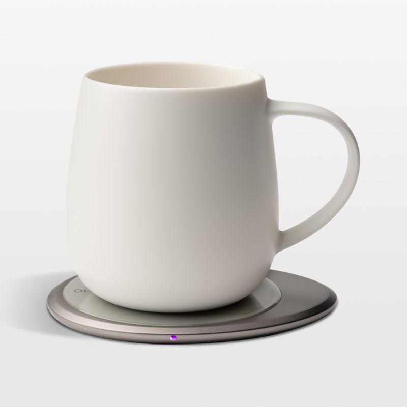 Keep your tea or coffee toasty warm with this stylish mug and warming pad set. Using induction energy, the base—which also doubles as a wireless phone charger—heats up the metallic layer at the bottom of the ceramic mug to keep your beverage at the perfect temperature. We love the practicality of the set as much as the modern elegance of the design, from the refined simplicity of the white mug to the river rock-inspired shape of the pad.
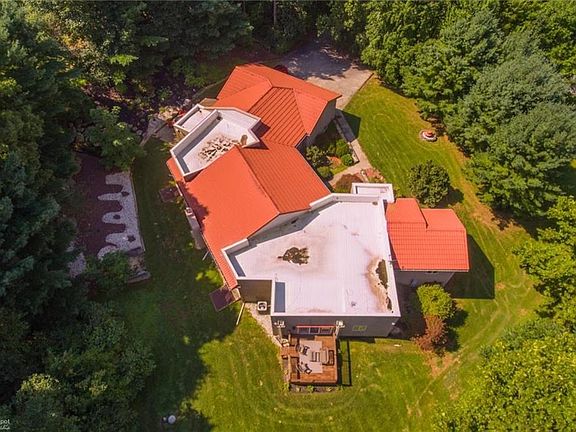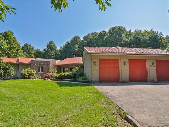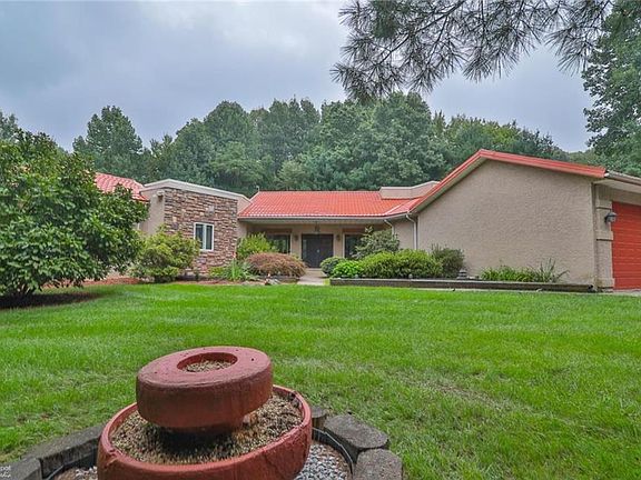 Sprawling Spanish style Stone & Stucco RANCH home situated on 2.48 acres in a very private idyllic setting. Enter through over-sized ornate double screen doors and solid oak wood door leading into the 37' entry way with tumbled marble floor. Flowing into the open concept Living Room and Dining Room w/ new (2020) gas fireplace. Updated (2020) spacious eat-in kitchen with new granite countertops, sink, faucet, range, refrigerator and tumbled marble floor. Bathrooms all updated in 2020. Master bedroom has a private deck, 2 walk-in closets, full bath with separate shower, jetted (oversized) tub, double sinks and mirrored dressing area with vanity. 2 additional bedrooms and bath. New well pump 2018. New roof 2015. Electric fence. 3 car garage with 10 doors, plus add'l garage door in the lower level with accesses the workshop. 2 Heat pumps. Relax and enjoy nature on the new paver patio and outdoor fireplace. 2023-07-05
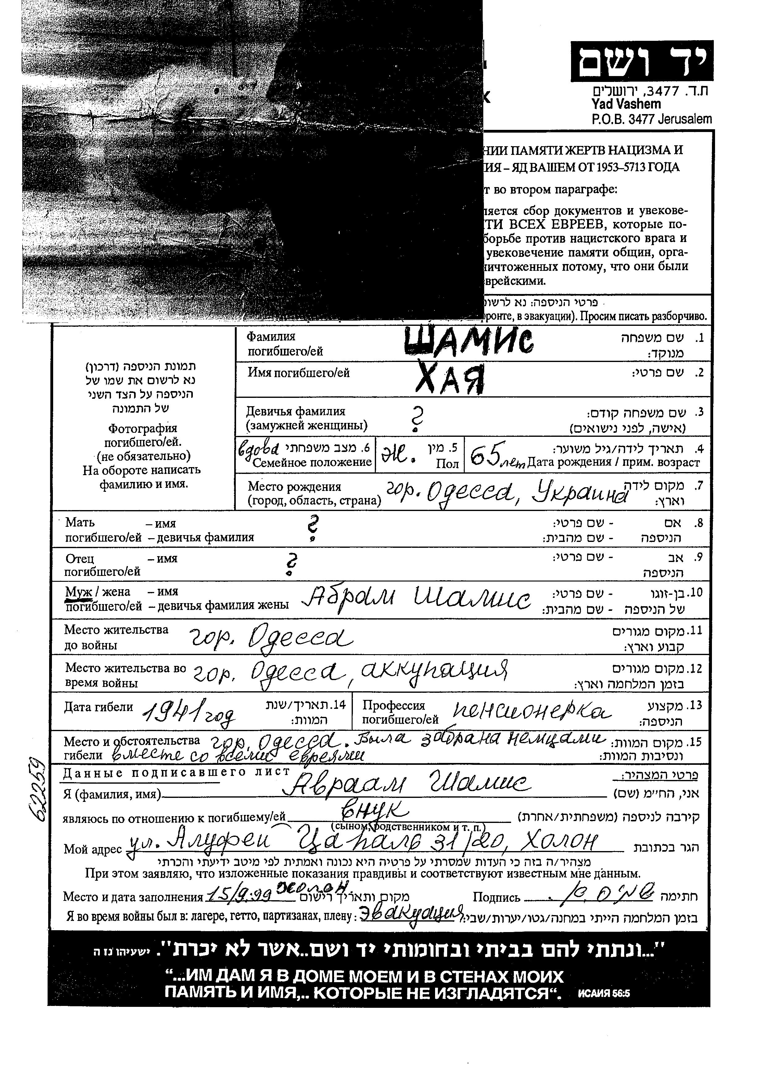 Шамис Хая Одесса, Украина (СССР) Лист свидетельских показаний

++++++

◆ Work instruction ◆
Only the pictures are to be left out; copy all the remaining material above exactly.

◆ Exercise answer ◆
 Keep your tea or coffee toasty warm with this stylish mug and warming pad set. Using induction energy, the base—which also doubles as a wireless phone charger—heats up the metallic layer at the bottom of the ceramic mug to keep your beverage at the perfect temperature. We love the practicality of the set as much as the modern elegance of the design, from the refined simplicity of the white mug to the river rock-inspired shape of the pad.
 Sprawling Spanish style Stone & Stucco RANCH home situated on 2.48 acres in a very private idyllic setting. Enter through over-sized ornate double screen doors and solid oak wood door leading into the 37' entry way with tumbled marble floor. Flowing into the open concept Living Room and Dining Room w/ new (2020) gas fireplace. Updated (2020) spacious eat-in kitchen with new granite countertops, sink, faucet, range, refrigerator and tumbled marble floor. Bathrooms all updated in 2020. Master bedroom has a private deck, 2 walk-in closets, full bath with separate shower, jetted (oversized) tub, double sinks and mirrored dressing area with vanity. 2 additional bedrooms and bath. New well pump 2018. New roof 2015. Electric fence. 3 car garage with 10 doors, plus add'l garage door in the lower level with accesses the workshop. 2 Heat pumps. Relax and enjoy nature on the new paver patio and outdoor fireplace. 2023-07-05
 Шамис Хая Одесса, Украина (СССР) Лист свидетельских показаний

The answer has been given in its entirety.